There is a multi-year Skills Training program of
$1.5 billion – but the colleges component of new spending is for capital and
capacity not educational programming. Programs will reach one in ten laid-off
workers.
Overall, modest spending increases are planned for
this fiscal year 2007-08 using the added revenue from the strong year 2007; most
ministries are receiving larger budgets with lower budget for only a few
ministries, most of which got in-year one time increases in 2007-08.
Health care spending goes to $40-billion, with an
added focus on health care teams, nurse practitioners, personal care workers,
and cancer screening.
Long-term care staff funding will be $107-million
over three years for 2,500 personal support workers.

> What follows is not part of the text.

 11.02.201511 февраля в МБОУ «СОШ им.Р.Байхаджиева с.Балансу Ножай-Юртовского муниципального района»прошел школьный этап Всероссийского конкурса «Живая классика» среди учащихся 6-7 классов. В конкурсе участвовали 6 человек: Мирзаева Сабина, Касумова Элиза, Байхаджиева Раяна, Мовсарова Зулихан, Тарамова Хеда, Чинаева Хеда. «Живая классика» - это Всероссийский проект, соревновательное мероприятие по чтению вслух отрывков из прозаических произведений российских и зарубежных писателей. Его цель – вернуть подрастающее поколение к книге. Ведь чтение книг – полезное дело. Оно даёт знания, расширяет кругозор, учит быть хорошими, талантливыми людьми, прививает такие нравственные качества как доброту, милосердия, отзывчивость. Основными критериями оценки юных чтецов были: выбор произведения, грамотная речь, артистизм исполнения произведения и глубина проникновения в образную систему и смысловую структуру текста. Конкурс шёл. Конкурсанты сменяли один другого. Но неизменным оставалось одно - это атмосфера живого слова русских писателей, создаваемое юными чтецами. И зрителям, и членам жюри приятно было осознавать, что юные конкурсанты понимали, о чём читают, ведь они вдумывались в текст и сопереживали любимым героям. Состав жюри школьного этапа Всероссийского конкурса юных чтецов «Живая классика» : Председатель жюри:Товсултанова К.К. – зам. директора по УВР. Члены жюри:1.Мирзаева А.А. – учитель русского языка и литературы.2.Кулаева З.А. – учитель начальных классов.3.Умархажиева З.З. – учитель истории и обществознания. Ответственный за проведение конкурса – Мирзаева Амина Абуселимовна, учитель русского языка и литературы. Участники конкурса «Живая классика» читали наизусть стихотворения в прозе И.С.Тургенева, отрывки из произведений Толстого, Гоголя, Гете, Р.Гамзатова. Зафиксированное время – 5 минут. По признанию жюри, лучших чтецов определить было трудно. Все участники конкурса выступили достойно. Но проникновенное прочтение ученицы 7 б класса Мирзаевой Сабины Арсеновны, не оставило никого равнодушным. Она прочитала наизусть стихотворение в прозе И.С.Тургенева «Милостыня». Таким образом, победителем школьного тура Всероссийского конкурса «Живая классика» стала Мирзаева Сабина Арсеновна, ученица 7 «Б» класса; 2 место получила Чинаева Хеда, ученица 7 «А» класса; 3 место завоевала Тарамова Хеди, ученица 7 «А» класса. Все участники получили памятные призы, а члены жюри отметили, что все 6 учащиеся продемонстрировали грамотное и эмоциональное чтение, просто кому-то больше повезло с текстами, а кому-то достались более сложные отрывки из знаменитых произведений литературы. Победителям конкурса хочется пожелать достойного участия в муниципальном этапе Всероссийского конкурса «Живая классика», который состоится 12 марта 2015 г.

OPSEU called this
‘inadequate.’
A 2 per cent increase in Ontario Works and ODSP
rates, a modest amount for student meals and a free dental program are the
anti-poverty measures
There will be $1-billion for seniors over 5 years
in property tax relief.
Also, $1-billion is set aside for municipal
infrastructure – half for Toronto and Hamilton transit.
Other
Wage settlements are said to be a key cost driver
that “could have a substantial impact” yet each one per cent increase for the
entire OPS would be $56-million on a $96-billion budget – or 0.05 per cent of
government spending. A one per cent wage increase for colleges would cost
$14-million. Sadly, the P3 (public-private partnership) continues to be a core
feature of Liberal infrastructure plans.
The opposition parties: PC leader John Tory called
for more tax cuts. NDP leader Howard Hampton says new programs will not help
the crisis in manufacturing or address needs of enough laid off workers.